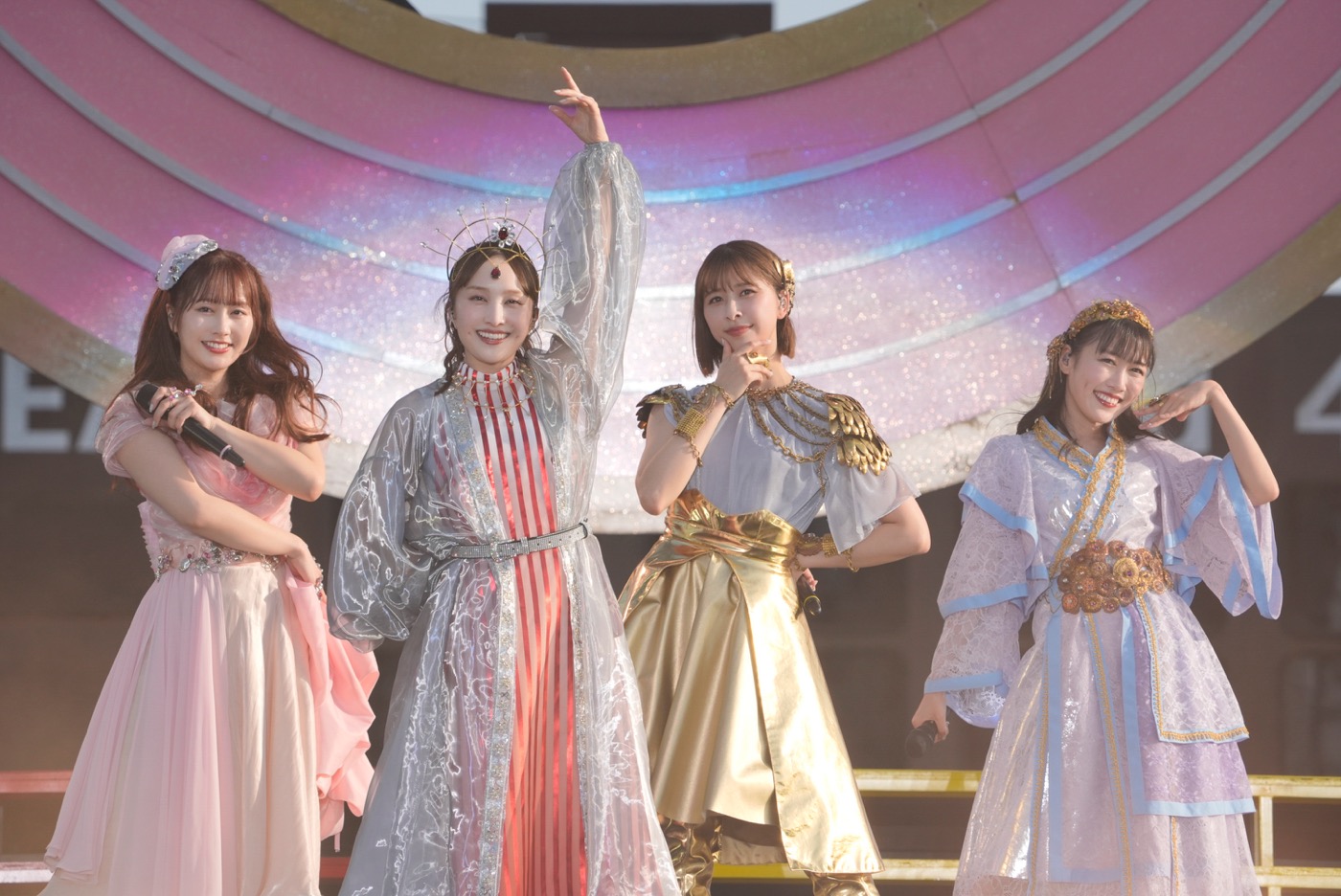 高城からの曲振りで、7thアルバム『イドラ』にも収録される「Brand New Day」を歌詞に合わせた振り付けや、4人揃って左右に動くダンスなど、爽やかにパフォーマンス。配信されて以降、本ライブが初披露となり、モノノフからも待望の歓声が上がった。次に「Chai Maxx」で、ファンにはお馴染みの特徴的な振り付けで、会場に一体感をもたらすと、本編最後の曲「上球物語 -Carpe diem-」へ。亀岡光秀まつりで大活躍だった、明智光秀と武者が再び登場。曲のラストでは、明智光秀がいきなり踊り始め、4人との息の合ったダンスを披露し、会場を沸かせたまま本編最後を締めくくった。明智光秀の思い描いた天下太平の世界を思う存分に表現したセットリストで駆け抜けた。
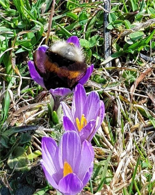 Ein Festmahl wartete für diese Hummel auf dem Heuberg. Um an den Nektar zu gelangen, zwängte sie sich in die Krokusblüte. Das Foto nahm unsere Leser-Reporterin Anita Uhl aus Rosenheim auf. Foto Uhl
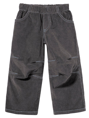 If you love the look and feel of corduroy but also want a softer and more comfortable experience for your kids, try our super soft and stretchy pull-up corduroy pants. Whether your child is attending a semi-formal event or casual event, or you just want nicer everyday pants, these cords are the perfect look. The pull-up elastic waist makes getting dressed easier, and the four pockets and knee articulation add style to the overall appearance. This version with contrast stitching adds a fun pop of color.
____
Every line above should be printed again word for word, without its pictures.

 高城からの曲振りで、7thアルバム『イドラ』にも収録される「Brand New Day」を歌詞に合わせた振り付けや、4人揃って左右に動くダンスなど、爽やかにパフォーマンス。配信されて以降、本ライブが初披露となり、モノノフからも待望の歓声が上がった。次に「Chai Maxx」で、ファンにはお馴染みの特徴的な振り付けで、会場に一体感をもたらすと、本編最後の曲「上球物語 -Carpe diem-」へ。亀岡光秀まつりで大活躍だった、明智光秀と武者が再び登場。曲のラストでは、明智光秀がいきなり踊り始め、4人との息の合ったダンスを披露し、会場を沸かせたまま本編最後を締めくくった。明智光秀の思い描いた天下太平の世界を思う存分に表現したセットリストで駆け抜けた。
 Ein Festmahl wartete für diese Hummel auf dem Heuberg. Um an den Nektar zu gelangen, zwängte sie sich in die Krokusblüte. Das Foto nahm unsere Leser-Reporterin Anita Uhl aus Rosenheim auf. Foto Uhl
 If you love the look and feel of corduroy but also want a softer and more comfortable experience for your kids, try our super soft and stretchy pull-up corduroy pants. Whether your child is attending a semi-formal event or casual event, or you just want nicer everyday pants, these cords are the perfect look. The pull-up elastic waist makes getting dressed easier, and the four pockets and knee articulation add style to the overall appearance. This version with contrast stitching adds a fun pop of color.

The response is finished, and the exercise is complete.